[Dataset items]

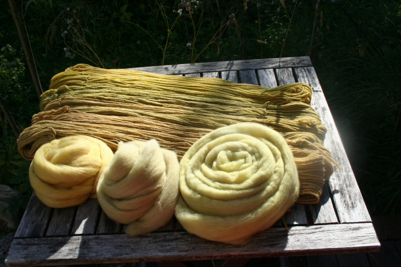 Mit Alaun gebeizt, habe ich Wolle – teilweise schon vorgefärbt mit anderen Pflanzen wie Erika oder Rainfarn – und Kammzüge gefärbt. Es sind Gelb-, Grün- und Brauntöne entstanden. Ich bin ganz zufrieden damit.
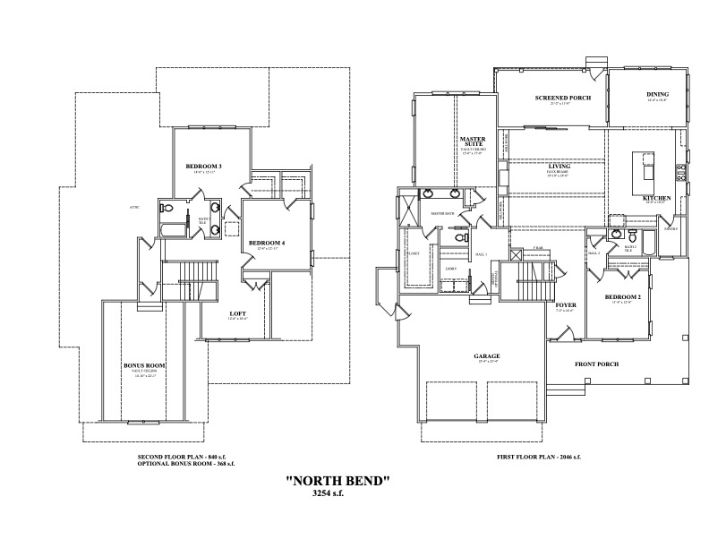 The North Bend is a 3,254-square-foot home available in River Bluffs, East Wynd, or on your own lot. It features a main-level primary suite, open living spaces with vaulted ceilings, a screened porch, and upstairs bedrooms with a loft and optional bonus room for added flexibility.
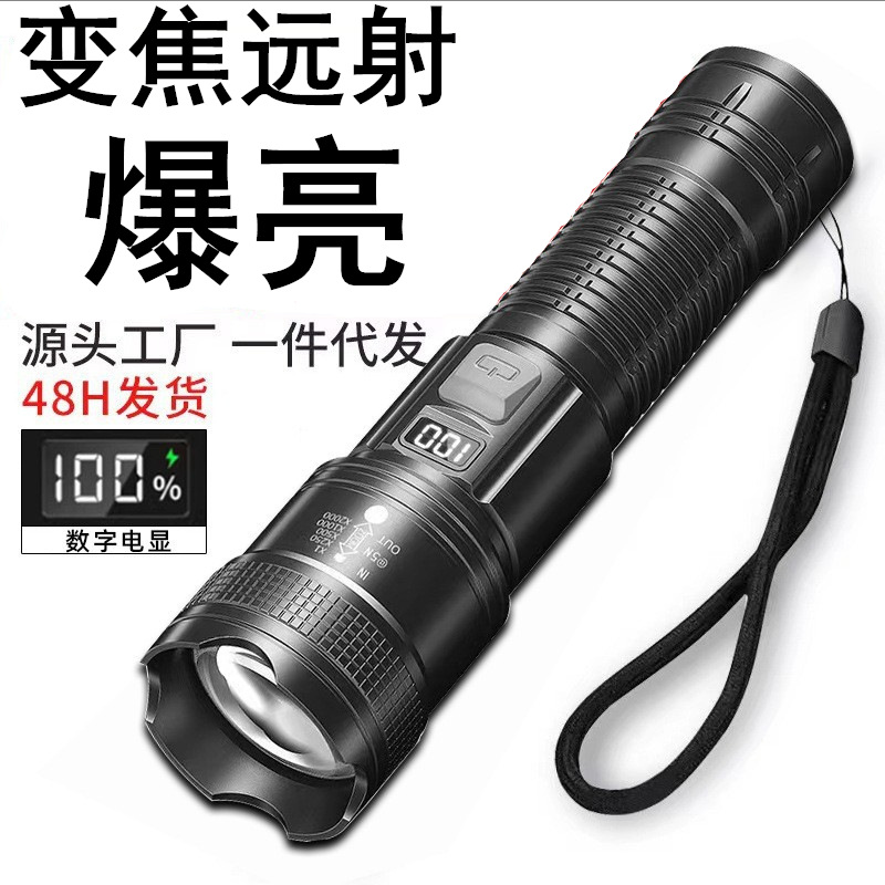 国境を越えた超高輝度長距離長寿命パトロール強力な光懐中電灯伸縮ズーム充電マルチパワー屋外懐中電灯
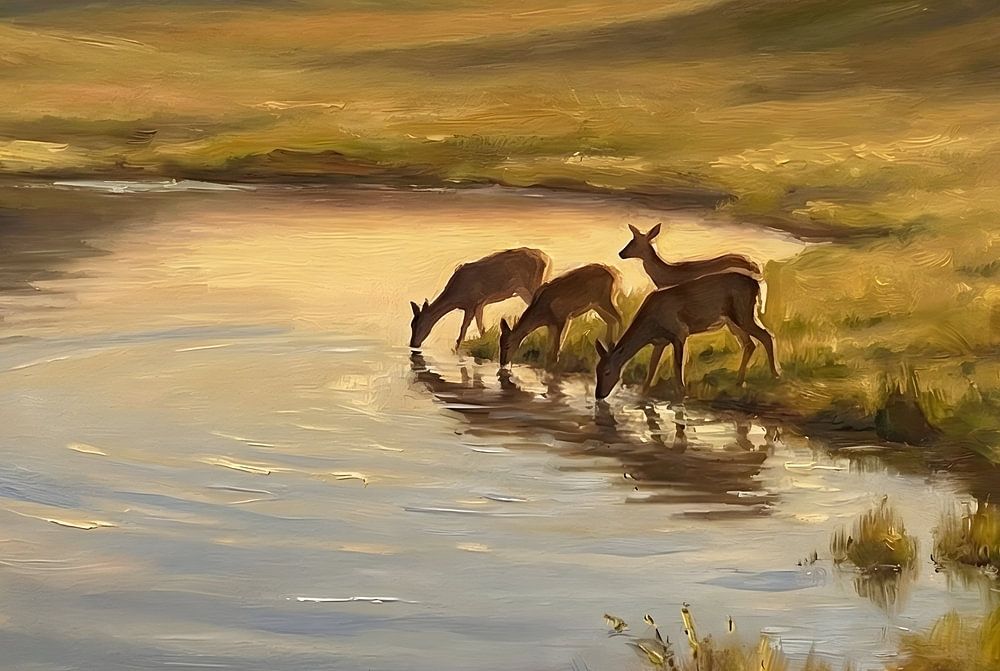 Eine warme und stimmungsvolle gemalte Landschaft im klassischen Ölgemälde-Stil. In der Ferne trinkt ein Paar eleganter Hirsche friedlich am Ufer eines ruhigen Sees, während weiches goldenes Licht die Landschaft erwärmt. Ein kleiner Junge in einer roten Jacke läuft durch das Feld im Hintergrund und fügt der ruhigen Natur eine subtile…
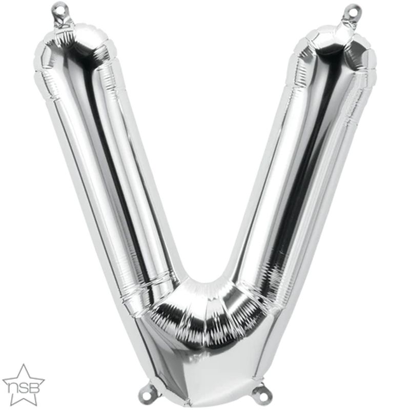 Com o Balão Qualatex 16" - Letra - V Prata, sua festa será inesquecível. Adquira já o seu e surpreenda seus convidados com uma decoração única e cheia de estilo.
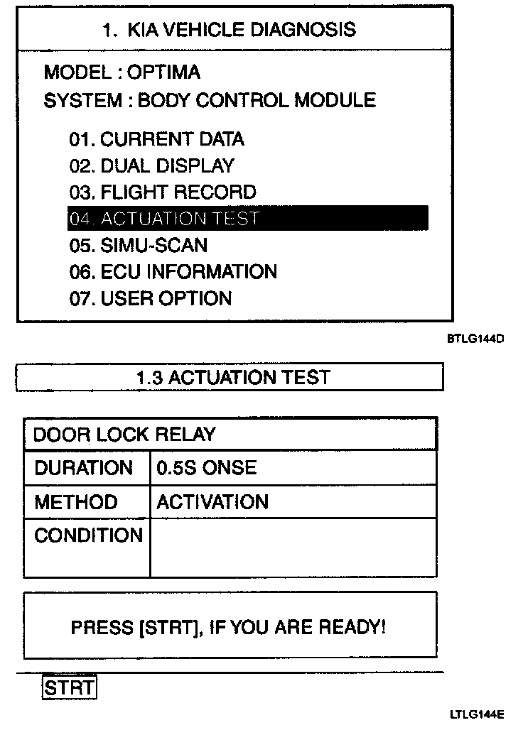 3. To consult the present input/out value of BCM, "02. INPUT/OUTPUT MONITORING". It provides information of BCM input/output conditions of power supply, turn signal/brake lamp, headlamp, door, locks, outside mirror, wiper, auto-light and transmitters etc.
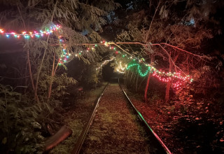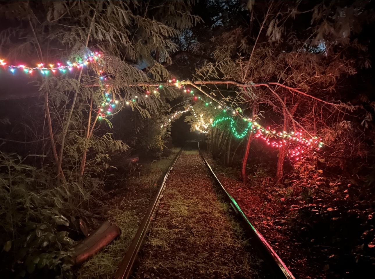 Experience: Holiday-themed railbike rides through a festive nighttime setting
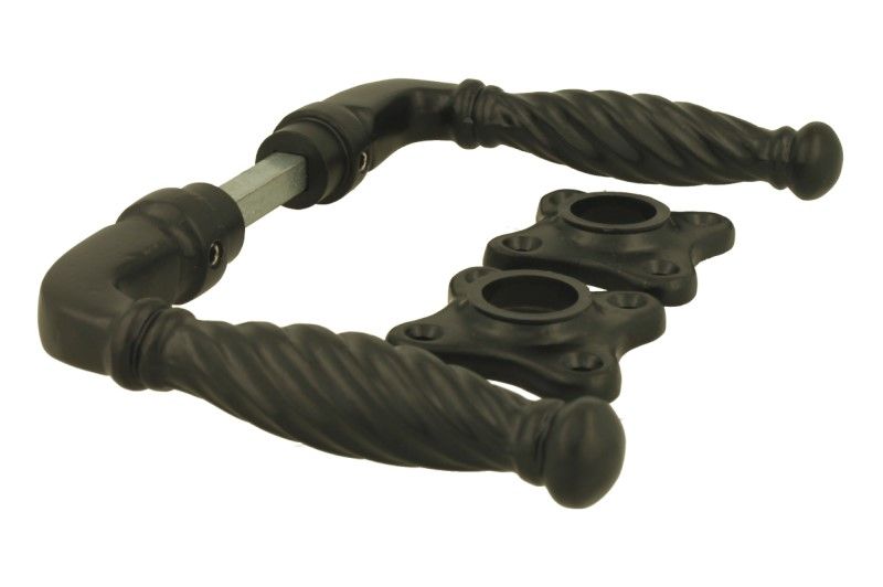 Deurklink gietijzer zwart met getordeerde greep klaver rozet

What to produce — Up to and including the line with "The North Bend", copy the data above from its first line. Skip pictures.

Exercise result —
 Mit Alaun gebeizt, habe ich Wolle – teilweise schon vorgefärbt mit anderen Pflanzen wie Erika oder Rainfarn – und Kammzüge gefärbt. Es sind Gelb-, Grün- und Brauntöne entstanden. Ich bin ganz zufrieden damit.
 The North Bend is a 3,254-square-foot home available in River Bluffs, East Wynd, or on your own lot. It features a main-level primary suite, open living spaces with vaulted ceilings, a screened porch, and upstairs bedrooms with a loft and optional bonus room for added flexibility.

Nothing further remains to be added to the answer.